Contending that MonsterCockTube.com and its two operators Thorsten Palicki and Maik Herrmann pirated nine gay adult films for that site, adult studio Titan Media asked a federal judge to award it a default judgment of $1.35M.
And so San Francisco-based gay porn studio Titan Media and TitanMen.com won the judgment in U.S. District Court this week in an intellectual property rights case against Antelope Media LLC, Palicki and Herrmann, proprietors of an adult “tube” site.
U.S. District Court judge Maxine M. Chesney never got to meet Palicki and Herrmann, the defendants behind the name and the gay adult video sharing site: Her judgment was rendered after the defendants failed to respond to the suit, according a report at AVN Business.
from www.examiner.com – Titan Media and its parent company Io Group have rigorously defended its copyrighted materials against the proliferation of tube sites (think YouTube, but with a lot of porn), where clips and in some cases entire bodies of work are uploaded by users for free sharing, thus cutting into the studios’ profits and violating provisions outlined in the U.S. Digital Millennium Copyright Act (DMCA), including willful infringement and failure to respond to takedown notices over the content in question.
Via Business.AVN.com:
In her ruling, the judge called Antelope’s infringement “particularly egregious.”

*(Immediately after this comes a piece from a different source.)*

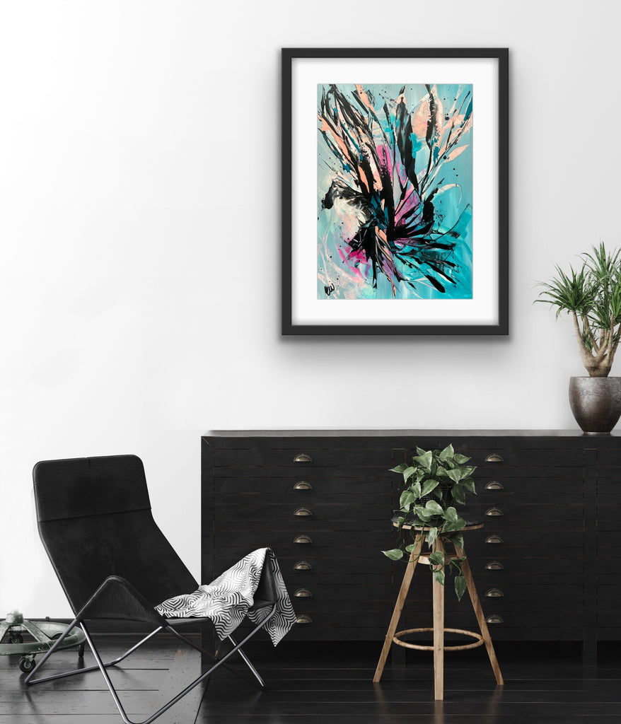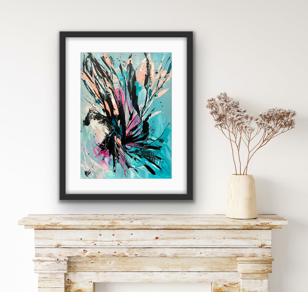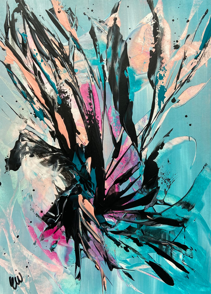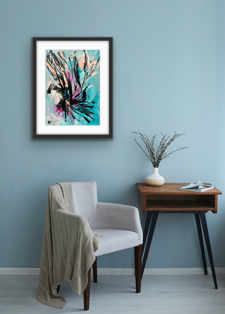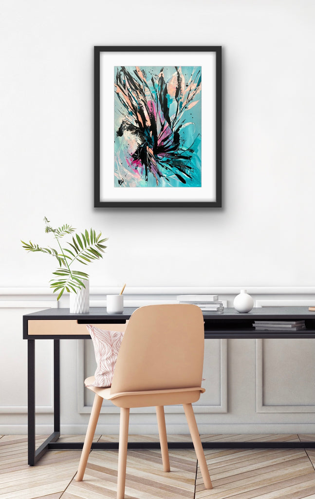 Elated is a very pretty abstract piece that is bursting with joy! Some images show what this piece looks like framed. Frames not included. 29.7 x 42 cm (A3 size) Acrylic on paper. Requires framing. No returns on original artworks so please choose carefully.

“First, defendants gained commercial advantage by using plaintiff’s copyrighted works, specifically, by displaying plaintiff’s works on defendants’ websites, for which they charge their customers, including California residents, a monthly access fee, and on which they earn revenue by selling advertising space, and by enrolling in ‘affiliate programs through which [d]efendants receive payments for directing individuals to other websites,” Chesney wrote.
“Second, defendants, within a week of learning of the instant lawsuit, transferred ownership of their websites to fictitious names, in an apparent attempt to evade service and hinder plaintiff’s ability to locate and identify the infringing parties,” she continued. “Third, defendants have continued their infringing activities after being notified of the instant action. Fourth, defendants engaged in various technological steps to block plaintiff from gaining access to defendants’ websites, in an apparent attempt to prohibit plaintiff from learning the full extent of the infringing conduct…. [G]iven that defendants fraudulently transferred ownership of the domain names from a domestic company, which could have been readily located, to companies and individuals residing outside the United States, it is readily apparent defendants were attempting to preclude or at least make it considerably more difficult for plaintiff to locate any party against whom a judgment could be executed,” Chesney wrote.
“Under such circumstances, and given that plaintiff apparently is aware of the current location of the entities who presently own the domain names, the Court finds it appropriate to prohibit defendants from further transferring ownership of the domain names, or the proceeds thereof, and the record discloses no equitable reason why plaintiff should not be granted [injunctive] relief.”